What Is Share With Questions. Companies usually issue shares in the form of shares in order to acquire equity, e.g. for new investments. The money is given to the stock corporation for an indefinite period of time, i.e. not paid back. With their shares, investors participate in the company’s economic development: This means that everyone bears losses up to the amount of their investment. If the company goes bankrupt, the shares can become worthless. If a company makes a profit, the general meeting can decide to distribute part of the profit to investors as dividends.
If you have made a profit from the selling of your shares or earned dividends from public corporations, they are taxable. There are costs involved with the purchase, holding and disposal of shares.
Possible goals: When could investing in stocks make sense for me?
If an investor wants to participate directly in the means of production with his money, he buys into a company. So he acquires an entrepreneurial stake. For small investors, it is a good idea to participate in a company’s economic development by buying shares. However, they are also exposed to the risks of business development.
Risks: What are the dangers of investing in stocks?
The value of stocks fluctuates. Stock prices do not necessarily move in line with a company’s current earnings. The economic development of the company expected by market participants can also be reflected in them, both positively and negatively. The prices of shares also depend on other influences that have little to do with the company itself. For example, the overall economic situation or the political situation in a country can have an impact on the course. In the event of poor corporate or macroeconomic development, the share price can fall.
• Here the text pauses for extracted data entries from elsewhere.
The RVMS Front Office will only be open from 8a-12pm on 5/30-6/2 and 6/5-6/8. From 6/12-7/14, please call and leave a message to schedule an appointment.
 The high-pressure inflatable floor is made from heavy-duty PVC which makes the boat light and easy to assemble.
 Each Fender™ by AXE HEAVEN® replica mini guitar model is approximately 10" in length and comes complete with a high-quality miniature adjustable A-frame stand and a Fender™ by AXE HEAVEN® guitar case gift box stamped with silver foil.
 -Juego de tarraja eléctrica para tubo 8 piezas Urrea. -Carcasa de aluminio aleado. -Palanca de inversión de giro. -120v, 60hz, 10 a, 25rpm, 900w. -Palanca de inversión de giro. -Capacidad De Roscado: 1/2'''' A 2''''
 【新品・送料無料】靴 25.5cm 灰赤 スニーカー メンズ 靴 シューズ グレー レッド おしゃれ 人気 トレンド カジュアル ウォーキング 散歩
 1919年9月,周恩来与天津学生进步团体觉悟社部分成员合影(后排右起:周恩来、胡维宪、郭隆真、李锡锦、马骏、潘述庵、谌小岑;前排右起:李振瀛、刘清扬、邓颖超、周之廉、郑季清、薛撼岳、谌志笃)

If the company goes bankrupt, the stock can ultimately become worthless. The money invested would then be lost. Therefore it makes sense to
Retail investors shouldn’t just check the prices of the past few months before buying a particular stock. Until investing, do as much homework as possible about the venture. And decide rationally, not on the basis of supposedly hot tips, where to spend your money and how much.
Use: What can I get from investing in stocks?
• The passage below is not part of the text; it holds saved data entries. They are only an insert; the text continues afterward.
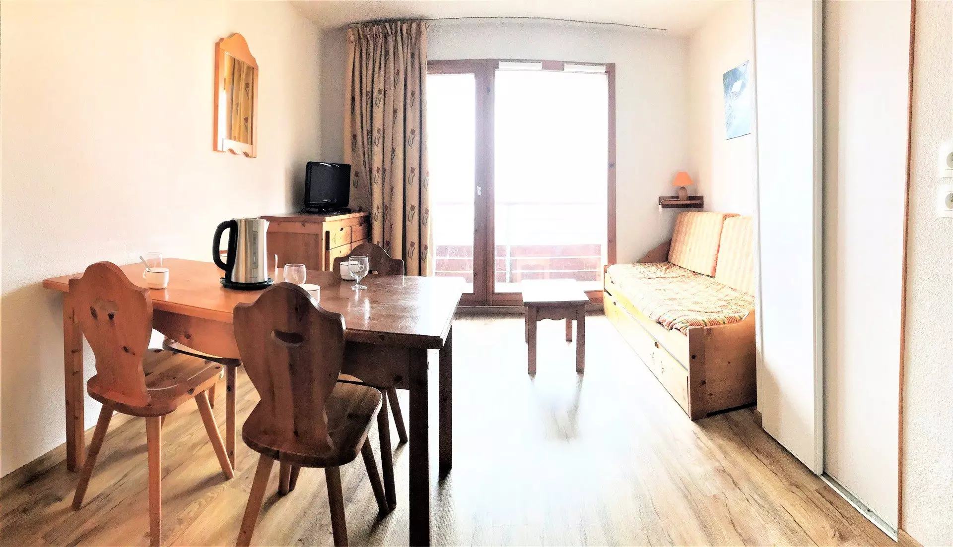 The living room is equipped with a pull-out sofa for 2 people, large screen TV, table that can accommodate 6 guests, balcony, and a kitchen area with 4 vitro ceramic hobs, combined microwave oven, top refrigerator, dishwasher, Nespresso® coffee machine, toaster, kettle and raclette machine.
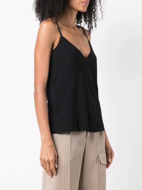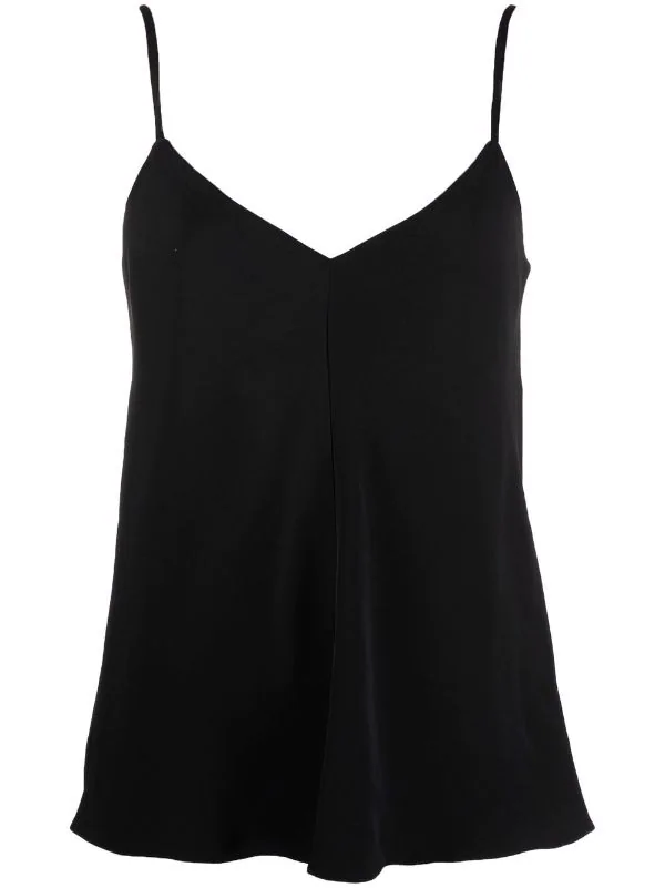 Col v, col v au dos, fines bretelles, ourlet droit. Couleur : noir.
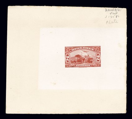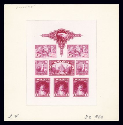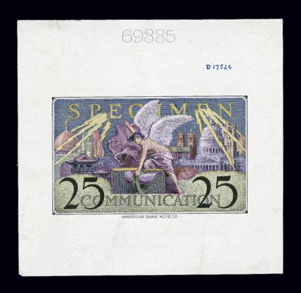 1503 E imageAmerican Bank Note Co. fabulous stamp specimen essay collection, this bank note company in the late 1920's to early 1930's was promoting to various countries around the world its ability to print stamps, to do this it developed seven different designs that were typical of stamps, one of which is an aviation design showing an airplane similar to air posts issued by Latin American countries, which were major customers of the A.B.N. Co., each design is given a denomination and the word "Specimen" is incorporated into the design, this marvelous assemblage contains original proofs in the development of these designs as well as later usages that were made of them by the company, we note seventeen different original die proofs, some of which may be the only ones in private hands, these are on India, either die sunk on cards or on "index" cards with company notes about the die, these original proofs include at least one or more of each of the seven designs, then a promotional book was developed with one of these seven designs being printed as a die proof on each page, three books are present, plus two sets of die proofs taken from booklets, in addition a composite sheet of eight images consisting of four of these designs was developed for salesman's books, there are ten different die proofs on India in different colors, die sunk on cards, as well as five different gummed sheets taken from a color chart that this composite was used for, each of these accompanied by 1989 PF certificates, there is even a full sheet of a plate proof on India on original card backing and two later die proofs in attractive multicolor renditions, one of which has been converted from engraved to typography, condition over all is quite clean and attractive, though the half dozen index card proofs were working items within the company and vary considerably in condition, very fine; this amazing assemblage of rare archival material paints a beautiful picture of the internal workings of the American Bank Note Co., contained here is virtually everything necessary to develop an award-winning gold medal single-frame exhibit of a this very fascinating area of philately. (imagea) (imageb) (Image) Est. 10,000-15,000
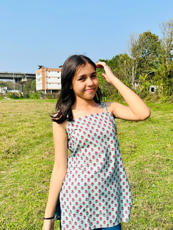 Premium Rayon Printed Sleeveless Short Kurti For Women

When you buy a stock, you are entering into an entrepreneurial stake. If the company makes a profit, you as a shareholder can participate in part of the profit through a dividend payment. If the market also assesses the company’s future prospects positively, the demand for the shares and thus their price may increase. This benefits you at the moment when you can sell your paper again at a better price than you paid yourself at the time.
Own duties: What are my obligations and costs when buying a share?
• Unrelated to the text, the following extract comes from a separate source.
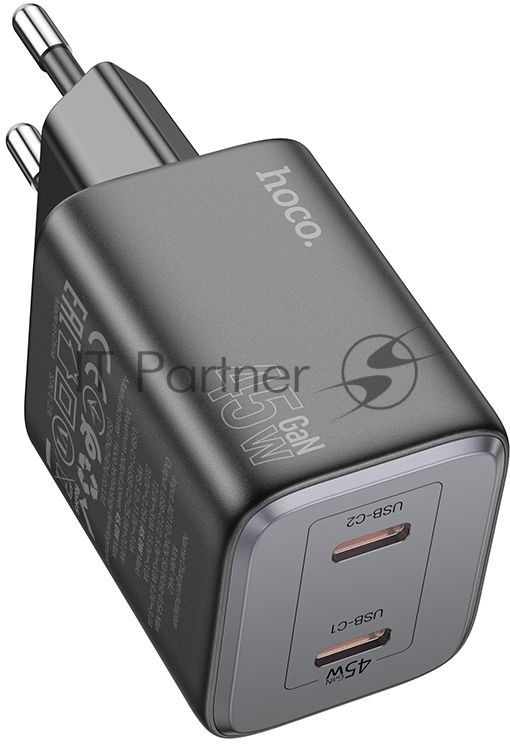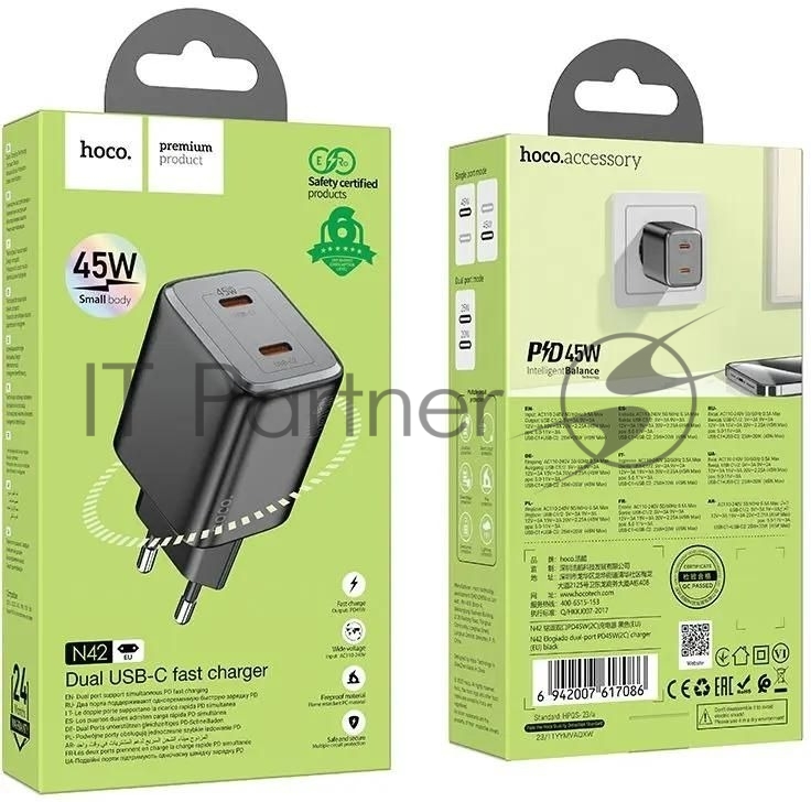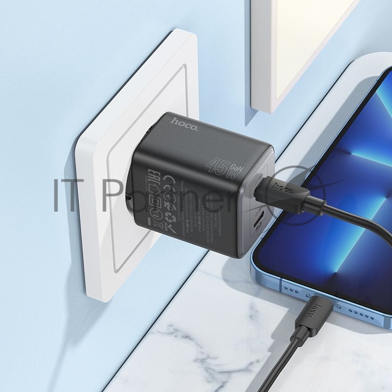 Сетевое зарядное устройство Hoco N42 Elogiado 45W 3A+2.25A (PD+QC+AFC) 2xUSB type-C универсальное черный

In order to buy, hold and sell a share, you need a so-called deposit account. A custody account also causes running costs.
You can save money here if you find out about the fees and costs of banks in advance. These fees and costs are listed in the so-called list of prices and services. This also contains information on the so-called transaction costs, i.e. the costs and fees that are generally incurred when buying or selling a share. You should therefore check the price and service specifications carefully and, if necessary, compare different offers.
If you have decided to buy or sell a share, your bank / advisor is obliged to provide you with all costs in connection with the purchase or sale of your share in good time in advance by means of so-called ex-ante cost information – independently whether you buy or sell the stock without advice or with advice.
NOTE: As a purchaser, you are liable for working out if the price of the share is warranted. This could be challenging for institutional investors. Therefore, you can first get acquainted with the respective business and this sort of investing before you plan to invest in stocks.